1. Mild Steel--Coupons of 1020 mild steel were cleaned (detergent, deionized water, acetone), weighed, dip or spray treated, air or heat-gun dried, weighed again, then placed outdoors for 1 week in an exposed location. The coupons were then visually assessed for relative degrees of corrosion (evidenced by discoloration) in comparison to standards.

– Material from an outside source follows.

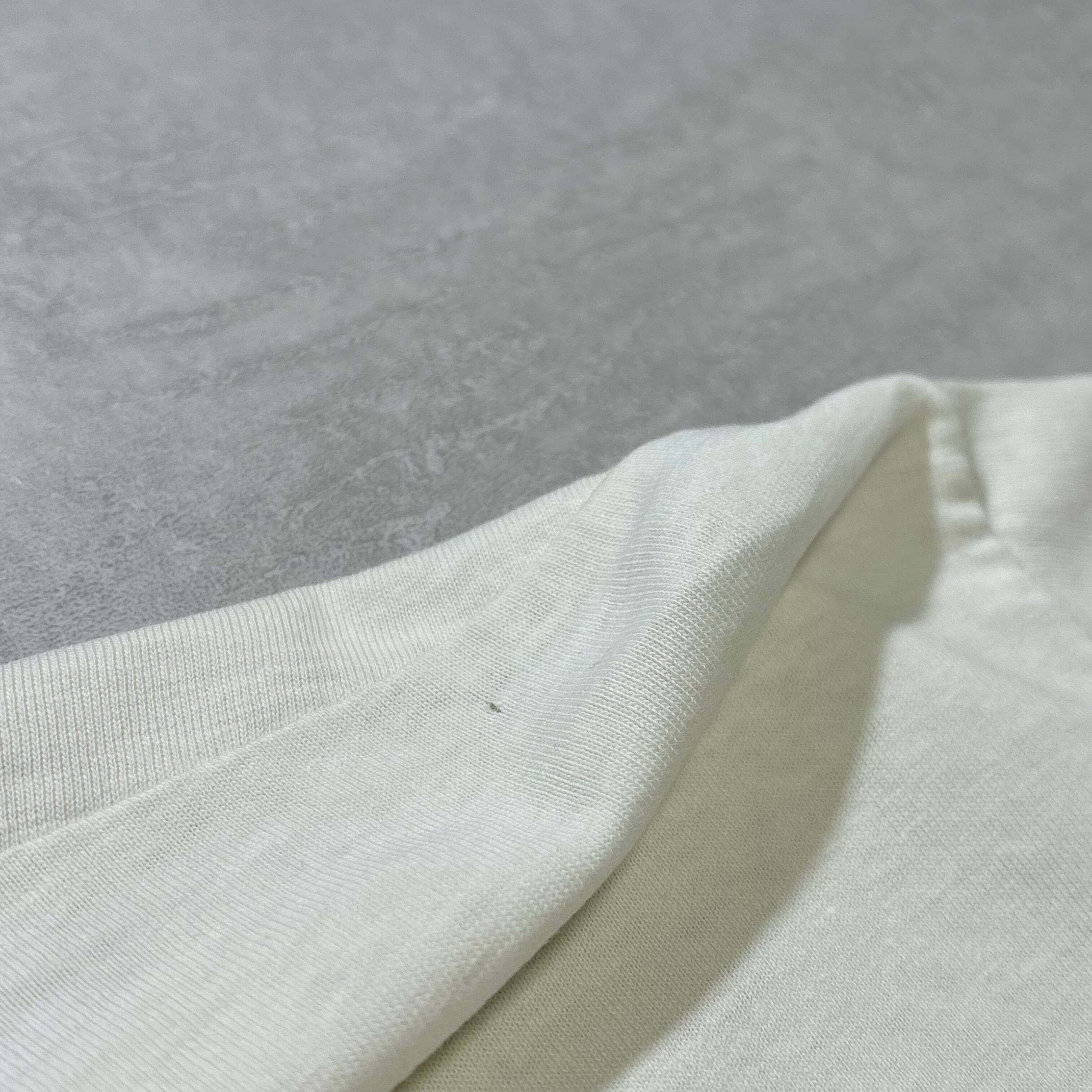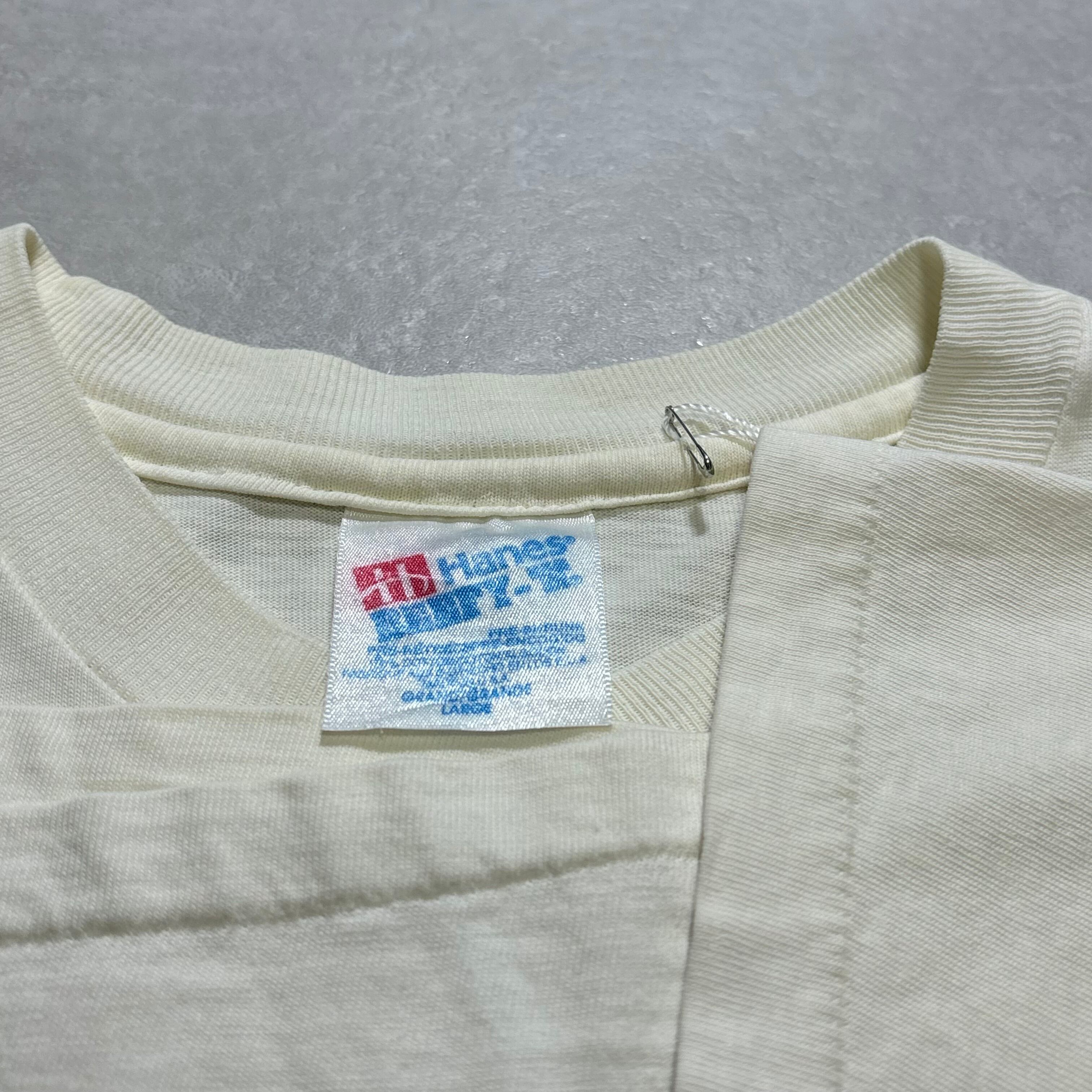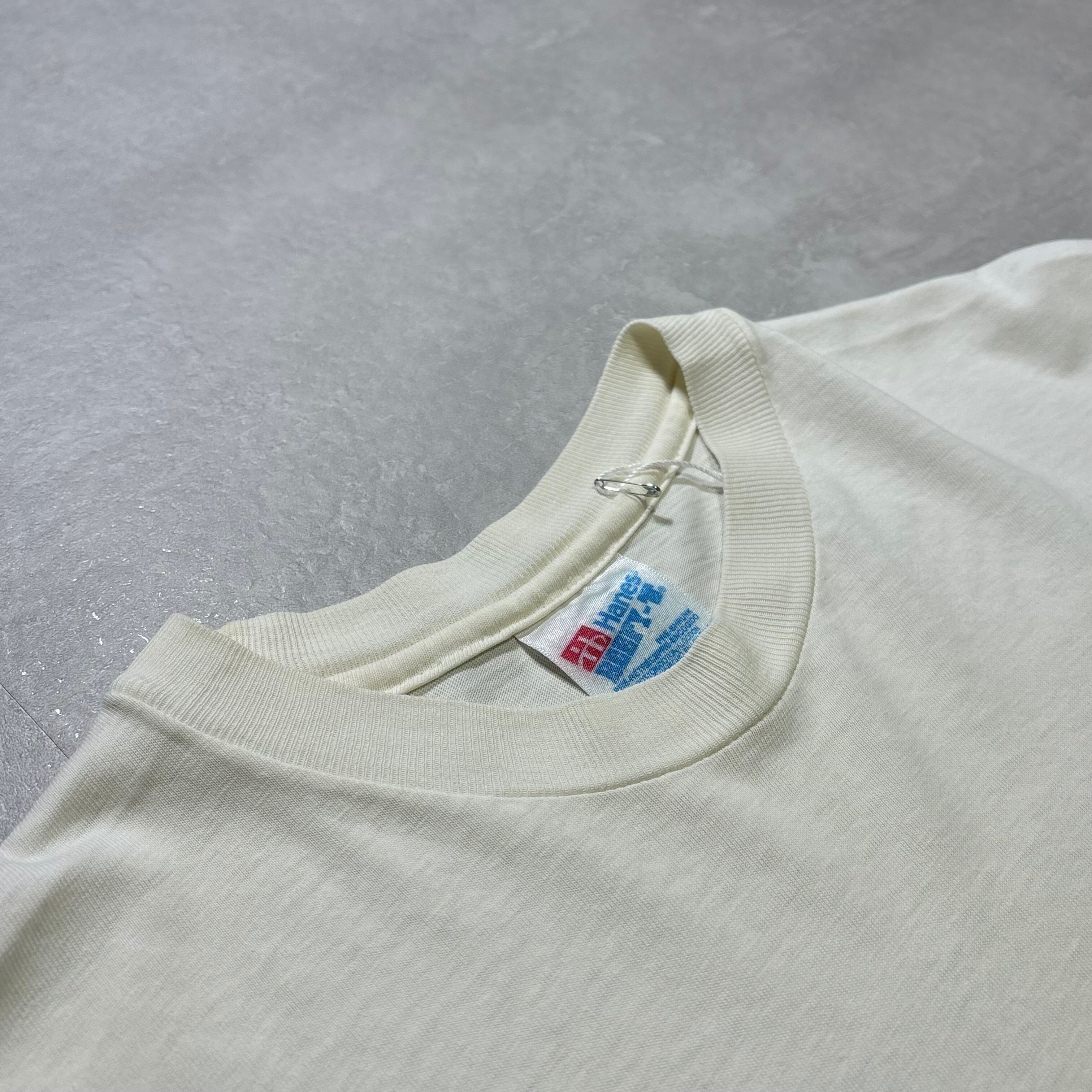 背面右袖付け根付近・左肩にピンホール1カ所ございます。両脇・首周りに薄汚れがございます。(元々生成りボディーです。)

2. Galvanized Steel--Coupons of hot-dipped and annealed galvanized steel were cleaned (detergent, DI water, acetone), weighed, dip or spray treated, air or heat-gun dried, and weighed again. The coupons were then spotted with 0.5M copper (II) sulfate solution and observed visually for black corrosion formation within a specific amount of time. Untreated coupons generally corroded within 5 seconds, whereas exceptional coatings remained corrosion free for several minutes.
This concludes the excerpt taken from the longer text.